Vanguard International Semiconductor Corp (世界先進) yesterday posted its first sequential growth in net profit in three quarters, due to inventory restocking demand for controller chips used in handset display panels and rising demand for power management chips.
Net profit grew 18.3 percent to NT$1.16 billion (US$38.45 million) in the quarter ended Sept. 30, compared with NT$979 million in the second quarter, but fell 11.7 percent annually from NT$1.31 billion in the same period a year earlier, company data showed.
“Clients have shown stable demand for wafers in the fourth quarter,” Vanguard chairman Leuh Fang (方略) told investors. “We have two months of order visibility.”
Based on clients’ messages, Vanguard said it expects revenue to range between NT$6.2 billion and NT$6.6 billion this quarter, contracting or rising by 3 percent from NT$6.4 billion last quarter.
Revenue last quarter grew 9 percent sequentially, with controller chips used in mobile phone panels achieving the fastest quarterly growth of 63 percent, the data showed.
Gross margin is forecast to climb to between 32 percent and 34 percent this quarter, from 31.8 percent last quarter, due to rising demand for better-priced power management chips and LED lighting chips, Fang said.
Despite lukewarm near-term growth momentum, Vanguard offered a positive outlook for next year.
The firm said it expects the global supply of 8-inch wafers to become tight next year due to increasing demand for Internet of Things and automotive applications, as well as increasing semiconductor content in electronics.
Long-term efforts to diversify into the fingerprint sensor sector have begun to bear fruit, it said.
“We have landed orders from many first-tier clients... Those products will be in volume development this quarter and will extend into next year,” Vanguard sales department vice president Thomas Chang (張東隆) said.
Next year, revenue from fingerprint sensors will grow several times from this year, he said.
Power management chips, the firm’s biggest revenue contributor, are forecast to continue double-digit percentage annual growth next year, he added.
Vanguard said it aims to expand capacity by building another fab to satisfy client demand.
The chipmaker operates three factories, with average utilization topping 95 percent.
“Scouting the world for a location to build a fourth fab will be on management’s agenda in the near term,” Fang said.

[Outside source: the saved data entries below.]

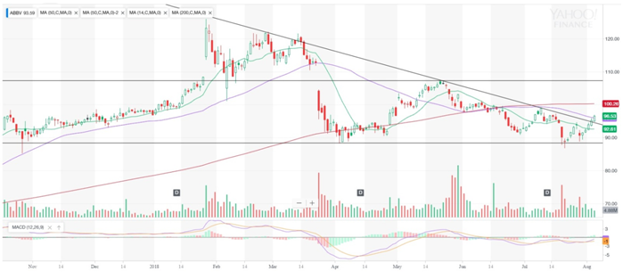 Обоснование: На дневном графике котировки AbbVie протестировали поддержку в районе $88.5, и наметилась повышательная тенденция с ближайшей целью в $106.2.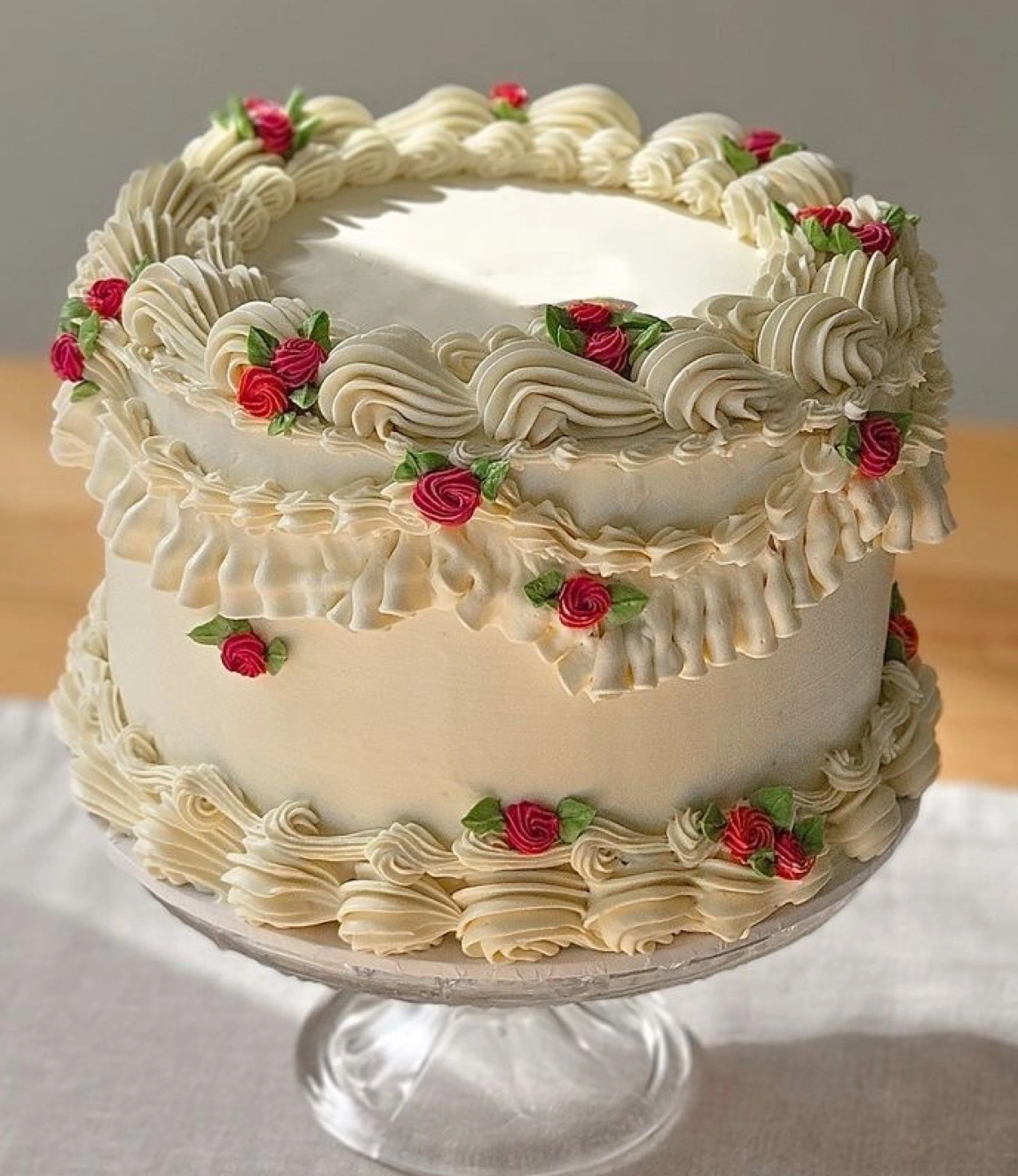 Buy & SellWhite vintage style cake with rosesWhite vintage style cake with roses$65Two cake layers with white icing, detailed piping, red roses and leaves. MADE FRESH TO ORDERWHERE TO MEETCheck LocationView MapSELLERBakedbyCLeitrim292 reviews0 chats·0 favorites·31 views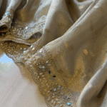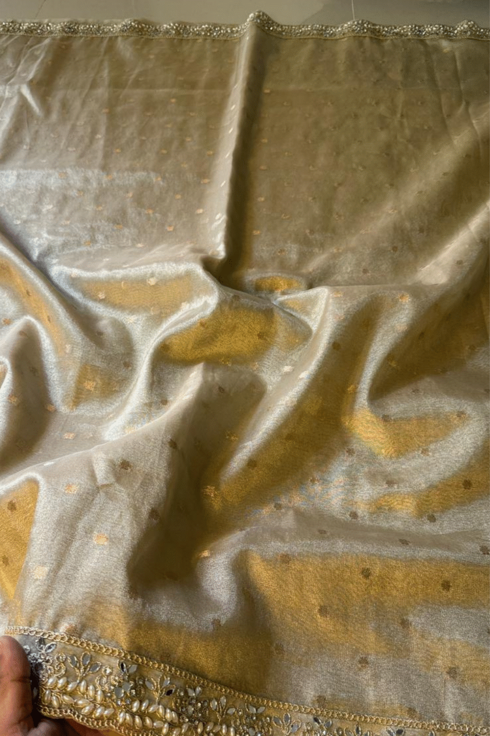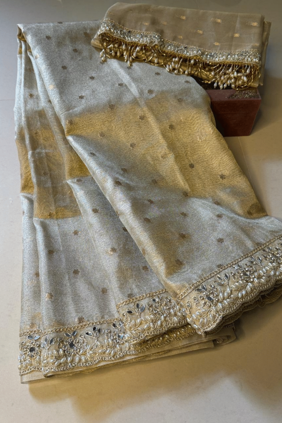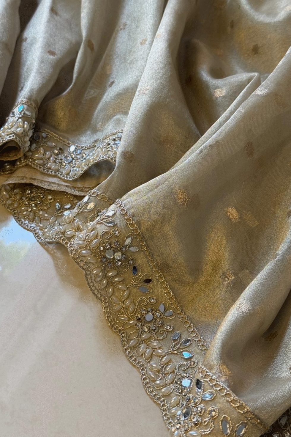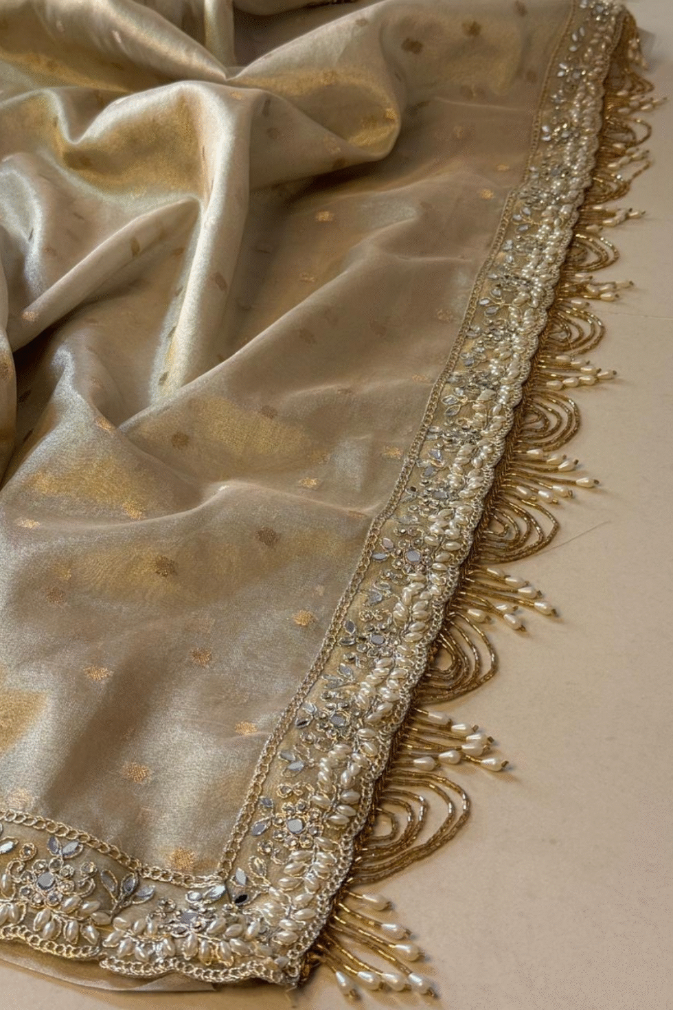 A champagne-gold tissue saree with delicate woven buttas and a beautifully hand-embellished border featuring pearls, sequins, and tassels. Lightweight, luxurious, and perfect for weddings, receptions, and festive occasions.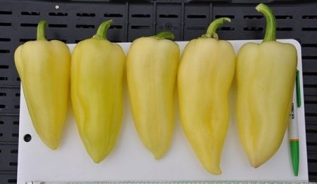 На пръв поглед този сорт не се различава от роднините си, освен може би с по-съкратена и закръглена форма. Но просто трябва да изчакате състоянието на техническа зрялост. През този период той става почти снежнобял и постепенно променя цвета си в оранжев, а след това в червен. Теглото на един пипер е около 150 g.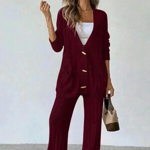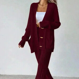 Red Casual Women's Loose Front Button Cardigan And Pants Knitwear Set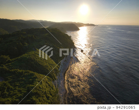 禄剛崎の美しい夕日 石川県珠洲市(ドローンによる空撮)
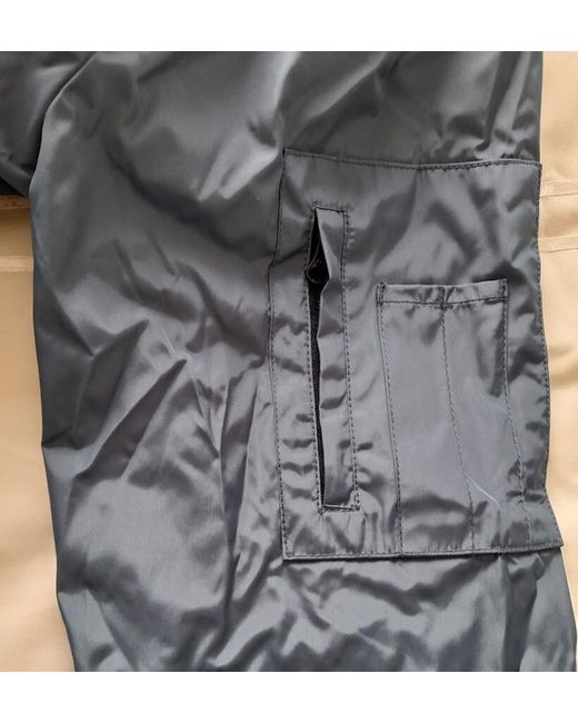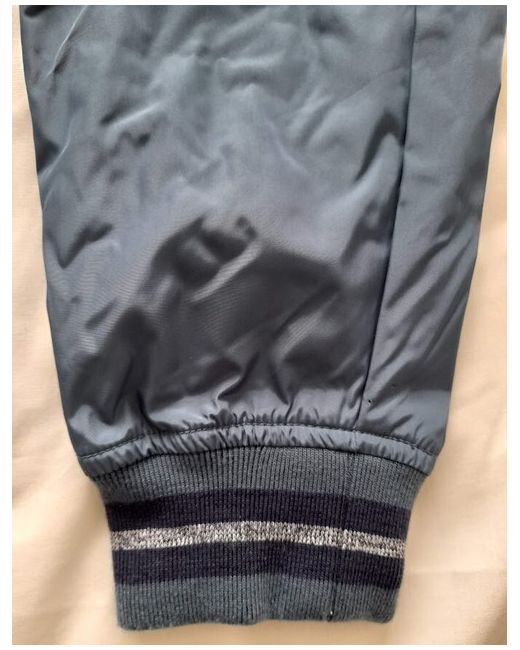 Button side pockets. Size 4 (which is a Large). The total length from the tip of the collar to the bottom of the hem is 29". This Jacket is 100% Polyester outer and 95% inner and is washable. It has elasticated Coller / Waist and Cuffs.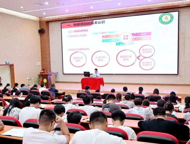 為進(jìn)一步提升學(xué)校教師的教學(xué)科研能力、提高教師申報(bào)科研項(xiàng)目的積極性和效率,6月18日下午,學(xué)校在圖文信息大樓一樓報(bào)告廳舉辦教科研能力提升系列培訓(xùn)之“科學(xué)研究項(xiàng)目選題”專項(xiàng)培訓(xùn)。此次培訓(xùn)為學(xué)校2024年春季學(xué)期教師常規(guī)培訓(xùn)第九期,科研處藍(lán)桂敏副主任作《科學(xué)研究項(xiàng)目選題要略》專題培訓(xùn),全體教職工參加了培訓(xùn)。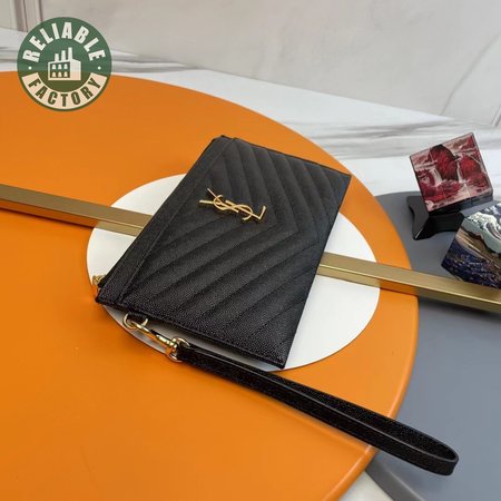 Saint Laurent Cassandre Matelasse Large Bill Pouch In Quilted Black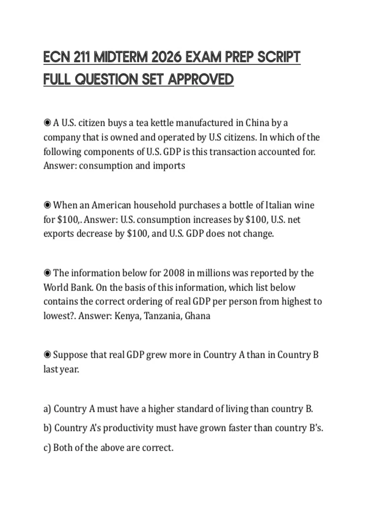 ◉ Suppose that real GDP grew more in Country A than in Country B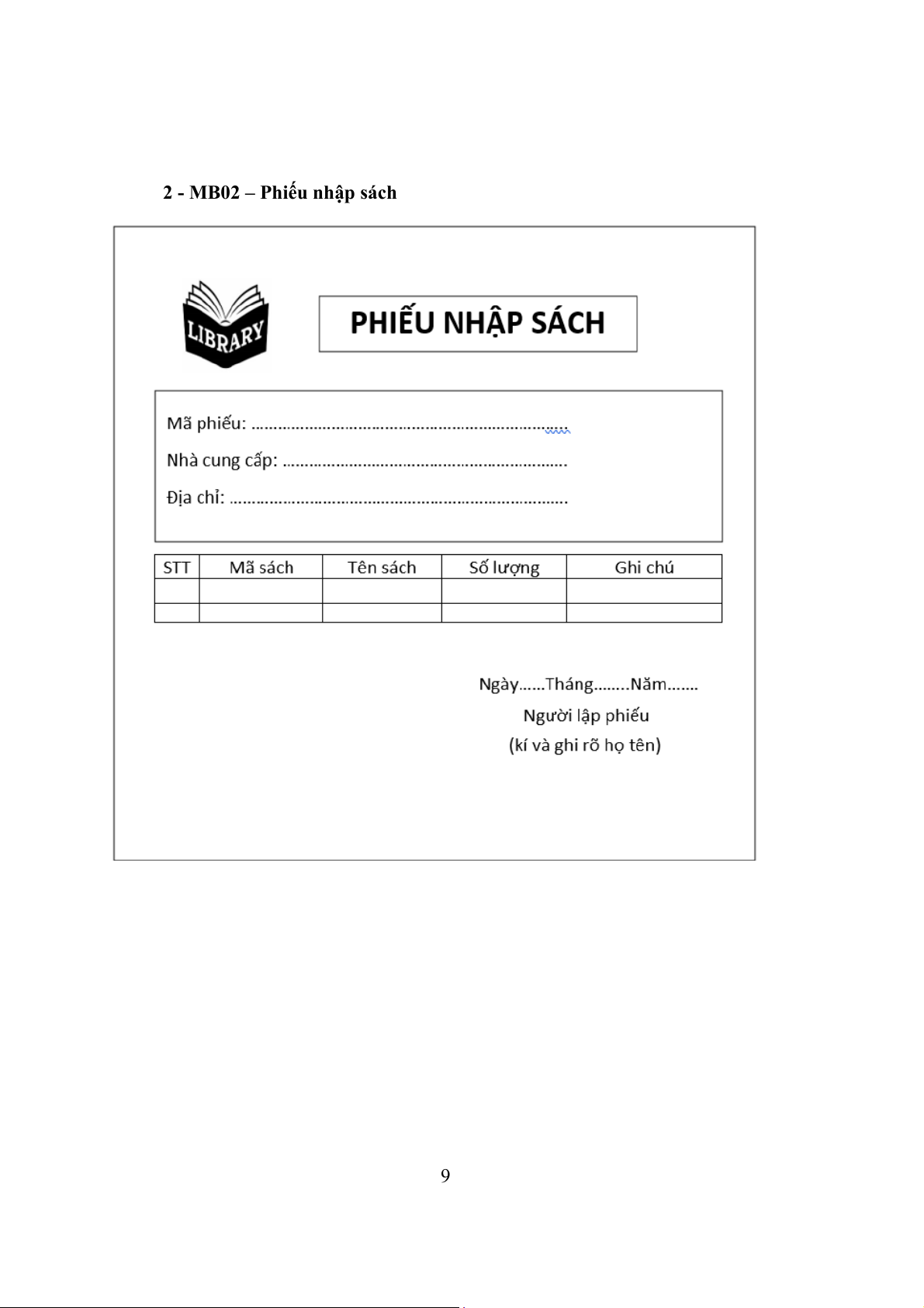 2 - MB02 – Phiếu nhập sách 9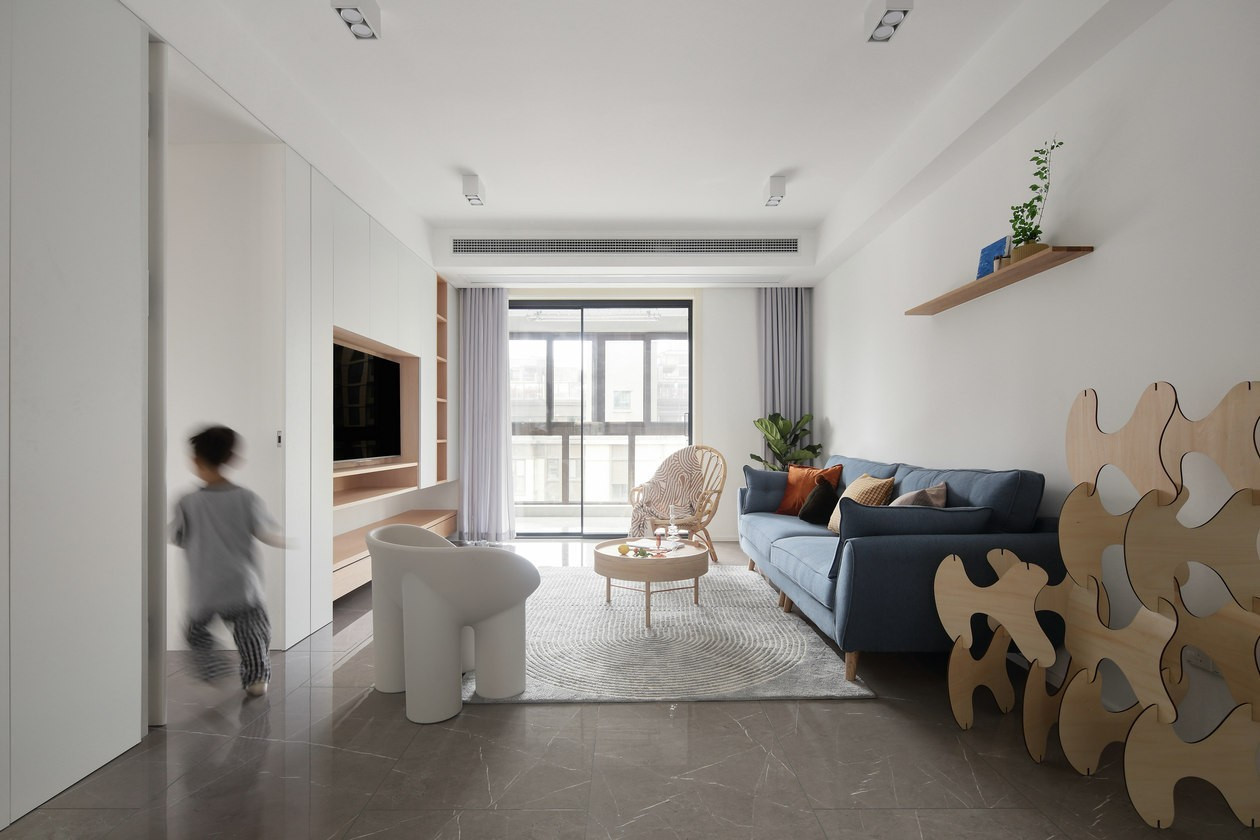 客餐厅南北贯穿 ,通透明亮,客厅运用了无主灯设计,让整个空间更显干练。留白沙发背景,延续纯净主题,局部添加了一段隔板,可以摆放一些精致的小物,表达对生活的热爱,也丰富了墙面的层次。 木色的茶几,质朴和煦。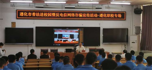学法以明道,用法以立身。为进一步加强反诈防骗宣传力度,不断提高师生防诈骗能力。5月23日遵化市职业教育联合学校邀请我市司法局副局长张国荣、市公安局刑警队反诈骗科警官孙明月、河北华旗律师事务所律师于洁到校进行以“普法进校园暨反电信网络诈骗”为主题的法治教育宣讲。参与本次活动的领导还有市教育局教育科科长范玉波、遵化市职业教育联合学校党总支副书记、常务副校长孟凡正和副校长唐柯。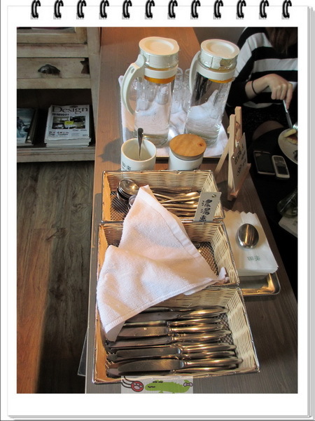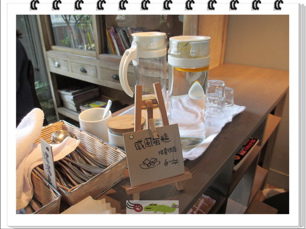 自助式的消費,所以也不收取服務費,倒水和餐具都是自取的!大水壺中放了兩片大柳橙,相當的可愛呀!還有版子寫著「戚風蛋糕」限量供應!好有FU~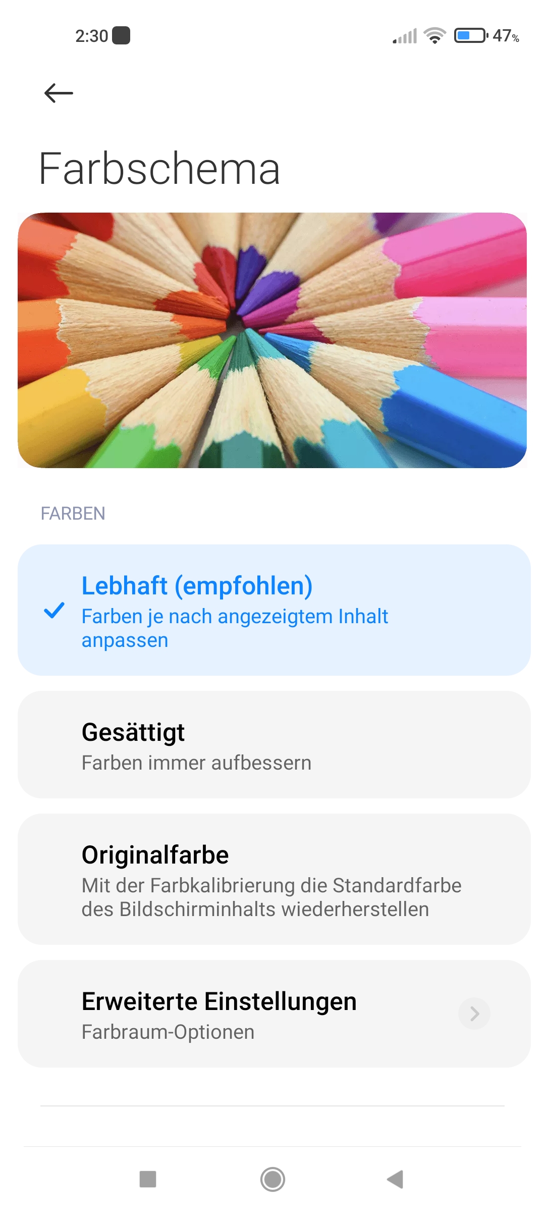 Apropos SRGB, das sieht mal richtig blass auf dem Telefon aus, während ich P3-Farbraum von der "Prallheit" vergleichen würde, vielleicht ein Mü mehr. Bei "Lebhaft" ähnlich, während "Gesättigt" vermutlich so eine Pfusch-Lösung ist, die die Farben noch praller macht, ohne noch mehr Farbraum, ähnlich wie die Farbsattingsregler im Monitor-OSD.

The company has over the past two years evaluated several possibilities to build capacity, but it has not decided on a site, or whether to build an 8-inch or 12-inch fab, he said.
Vanguard plans to allocate NT$2 billion for capital expenditure next year to increase capacity and optimize capacity mix, stepping up the budget from this year’s NT$1.8 billion, the firm said.
Three years ago, Vanguard acquired an 8-inch fab from local chipmaker Sumpro Electronics Corp (勝普) for NT$2.18 billion. That plant added at least 12 percent to Vanguard’s annual capacity.